Compassion blends empathy—the ability to understand and share another’s feelings—with a willingness to actively ease suffering. Many of us care deeply about the world's pain yet often feel powerless to make a real difference.
The truth is that the most powerful place to begin is within. Compassion begins quietly, often in the spaces we overlook within ourselves. If you've ever struggled to show yourself the same kindness you offer others, know that you're not alone. This is a gentle reminder — and a guide — to help you notice the places where compassion feels hard, and to lovingly begin again.

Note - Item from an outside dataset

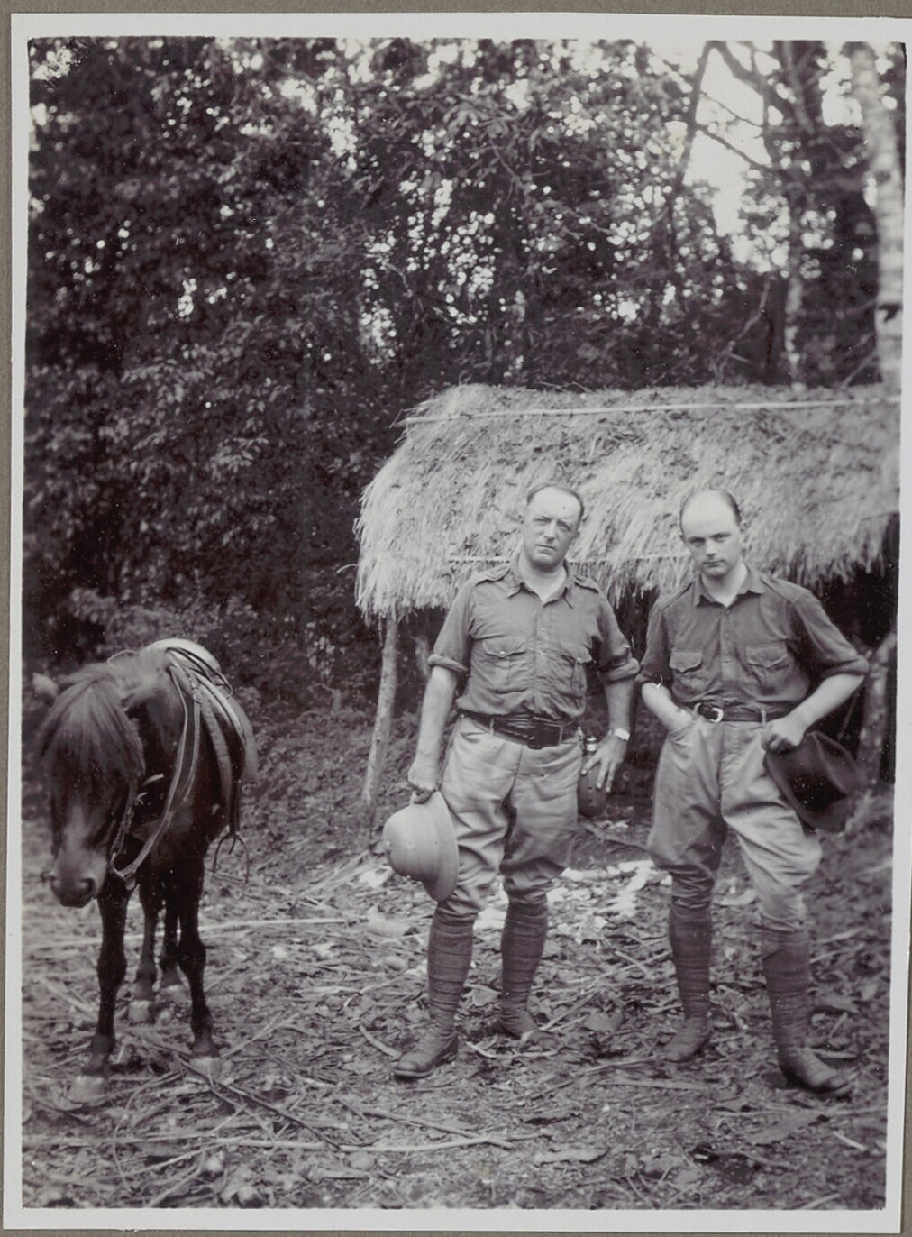 Twee manne poseren voor gebouw bij paard

By turning inward and offering care to our own suffering, we recognize our essential role in collective healing. Self-compassion isn’t always easy, though. Certain obstacles can make it especially challenging to access kindness toward ourselves. Here are five common roadblocks to self-compassion—and how to move through them:
1) Resistance: “I don’t want to shift yet.”
Sometimes we simply don't want to change. When we’re deeply angry or hurt, shifting toward compassion can feel impossible—or even undesirable.
Counter-move: Notice your resistance without judgment. It's okay to feel what you feel. Give yourself space to process and observe how the energy of resistance impacts your mind and body. When you're ready, compassion will still be there waiting.
2) Exhaustion: “I’m too tired to care.”
There are moments when we’re simply drained. Compassion can feel like another demand we can't meet. In these moments, numbing or checking out often seems easier.
Counter-move: Rest without pressure. Practice slow, deep breathing. Let yourself be exactly as you are. True compassion often begins with acceptance of your present reality, without forcing a shift.
3) Lack of Context: “Why am I feeling this way?”
We are often better at imagining the backstory behind others' behaviors than offering ourselves the same grace. Without recognizing the full context of our own lives, our emotions can feel overwhelming or unjustified.
Counter-move: Step back and consider your life context. What ingredients – stress, grief, transitions, unmet needs, cycles – are fueling your feelings? Give yourself the same compassion you’d extend to a struggling friend. What might you say to a loved one in the same situation?
4) Anger and Frustration: “Why do I have to do the work when no one else does it?”
It’s easy to feel resentful when it seems like you're carrying the emotional labor others aren’t even acknowledging. This mindset can build frustration and feed resistance to compassion.
Counter-move: Remember that shifting is your choice. No one else’s readiness or awareness can dictate your peace. Notice how anger feels in your body—are you clenching burning coals in your bare hands to throw at others? Meet your anger with curiosity, honor its messages, and choose compassion for your own sake.
5) Bias: “I don’t deserve compassion.”
Hidden beliefs can block our ability to care for ourselves. You might think that self-compassion is selfish, that you don’t have enough time, or that softness will leave you vulnerable. If you’re accustomed to focusing on the negative, compassion can also feel foreign and uncomfortable.
Counter-move: Pay attention to the beliefs that surface around self-compassion. Be gentle with yourself when these biases arise. Keep challenging these biased thoughts with, “I don't have to believe everything I think.” The more you practice, the more natural compassion will feel.
Self-compassion isn't about perfection; it's about practice. By recognizing and working through these obstacles, we move closer to the powerful truth: Healing ourselves is not separate from healing the world. Remember, every moment you choose compassion — even when it feels awkward or difficult — you are creating a new rhythm within yourself. Be patient. Healing takes time, tenderness, and many small, courageous steps. You are already on the path.